= Nancy-Gay Rotstein =

Canadian poet and novelist

Nancy-Gay Rotstein is a Canadian poet and novelist. In addition to her books of poetry, she is author of the novel Shattering Glass, a story about today's woman trying to balance career and family.

== Biography ==

Nancy-Gay Rotstein was born in Toronto, Ontario. She received a B.A. degree in 1965 and a master's degree in history in 1969 from the University of Toronto. She has a teaching certificate as a history specialist from the Ontario College of Education, University of Toronto. She returned to university to study law and received her LL.B. degree in 1985 and was admitted to the Ontario Bar in 1987.

Her first poetry collection – Through the Eyes of a Woman – was published in 1975, followed by Taking Off, China: Shockwaves, and This Horizon And Beyond: Poems Selected and New.

After graduating from law school, and drawing on her experiences there as a working mother trying to balance career and family, she began writing her novel, Shattering Glass, which was published in 1996.

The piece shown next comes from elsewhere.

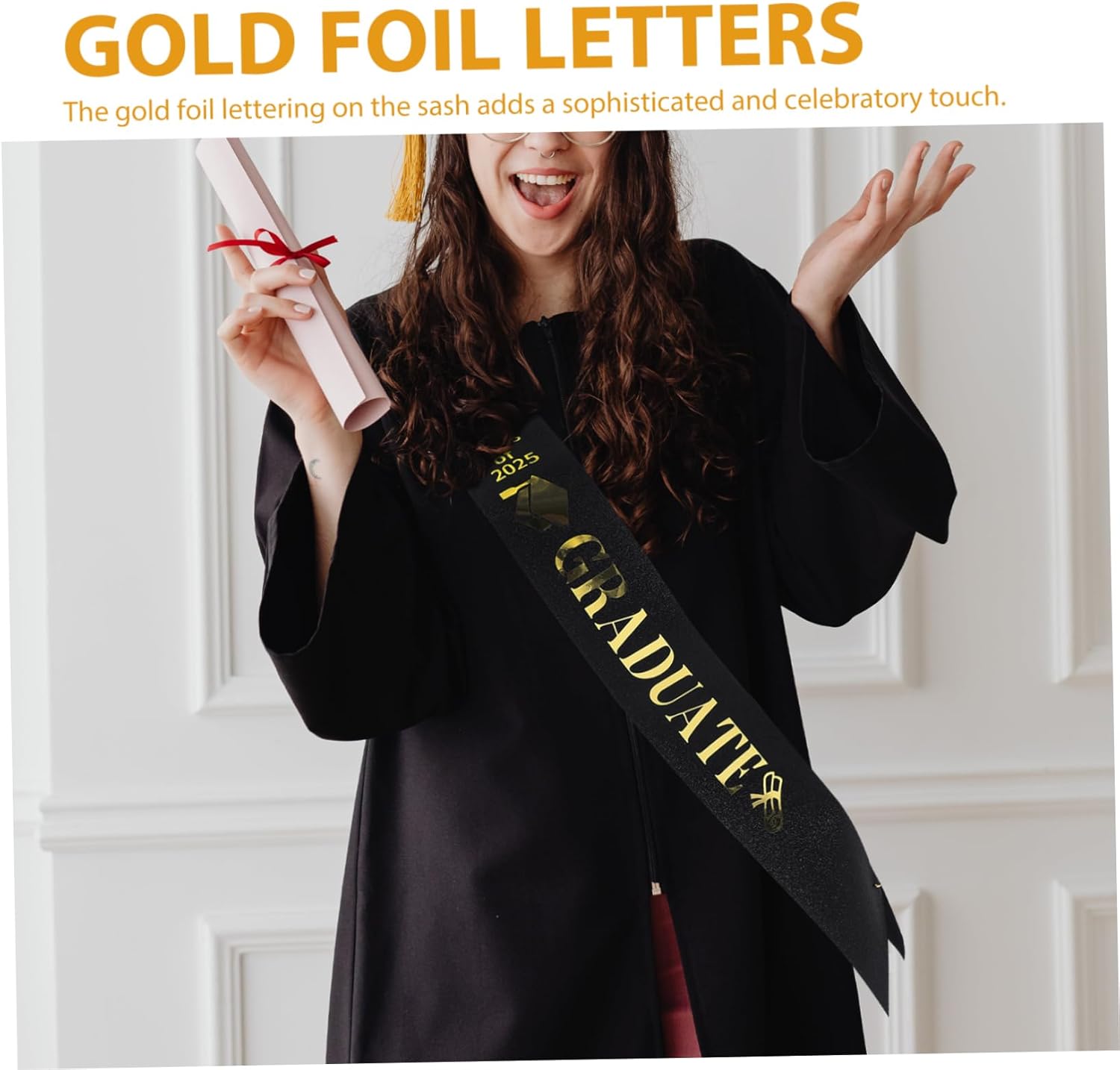 Pronto per l'evento: ideale per feste di laurea del 2025, eventi sportivi, raduni di incitamento e qualsiasi celebrazione di laurea, aggiungendo un tocco di all'occasione, decorazione di laurea, fascia per festa di laurea E riutilizzabili: realizzate in tessuto satinato, queste fasce sono riutilizzabili più volte, offrendo un valore eccellente, forniture per feste di laurea, fascia per laureati Aspetto elegante: la stampa in lamina d'oro sulla fascia offre un aspetto elegante e celebrativo, rendendolo un accessorio essenziale per eventi di laurea, fascia di congratulazioni, fascia Vestibilità universale: progettate per adattarsi alla maggior delle persone, queste fasce sono adatte a entrambi i sessi e a tutte le età, garantendo che tutti possano partecipare alla celebrazione, fascia per la laurea, fascia per addio al celibato Vestibilità universale: il design a taglia unica assicura che queste fasce siano adatte a un'ampia di corporature ed età, rendendole versatili, tracolla, decorazioni di laurea di congratulazioni

She was appointed by the Canadian government in 1985 to the board of directors of the Canada Council for the Arts, and reappointed in 1988 for a second term.

During the period of the Free Trade Agreement negotiations between Canada and the United States, she advocated that Canadian ownership of its own publishing industry was essential for the preservation and protection of Canadian cultural identity. A proponent of funding for regional arts organizations, she also urged the development of programs to provide access to major cultural events to less populated areas. Her fellow directors elected her as their representative to the National Library Advisory Board in 1986, on which she served five years. She is a founding Member of the Public Lending Right Commission of Canada, the government agency which oversees payment of royalties to writers for the use of their books in libraries.

She was appointed in 1993 to the six-member board of Telefilm Canada, on which she served for five years.

She is married to Maxwell Rotstein, and has three children.

== Literary work ==

Rotstein began writing poetry as a young child and was first published at the age of 12, when her grandmother Ida Berk submitted (without her knowing it) one of her poems to the national magazine Chatelaine. The editor accepted the poem unaware it was written by a 12-year-old. When the school principal announced the publication of her poem over the school's public address system, she became embarrassed, and from then on wrote her poetry in secret. Many years later her husband accidentally came across a poem she had written and suggested she show her poems to poet Irving Layton who was at York University. Upon submitting a portfolio of her work to Layton she was accepted into his poetry workshop. It was Irving Layton who encouraged her to publish her first book of poetry, Through the Eyes of a Woman.

Published in 1975, Through the Eyes of a Woman garnered attention throughout Canada and officially launched her writing career. The poems in the volume, presented in two sections – "Focusing Outward: Woman and Society"; and "Focusing Inward: Woman and Family" – express a woman's view of the quality of modern life in Canada. The collection went into three printings, its sales considered remarkable for a book of poetry.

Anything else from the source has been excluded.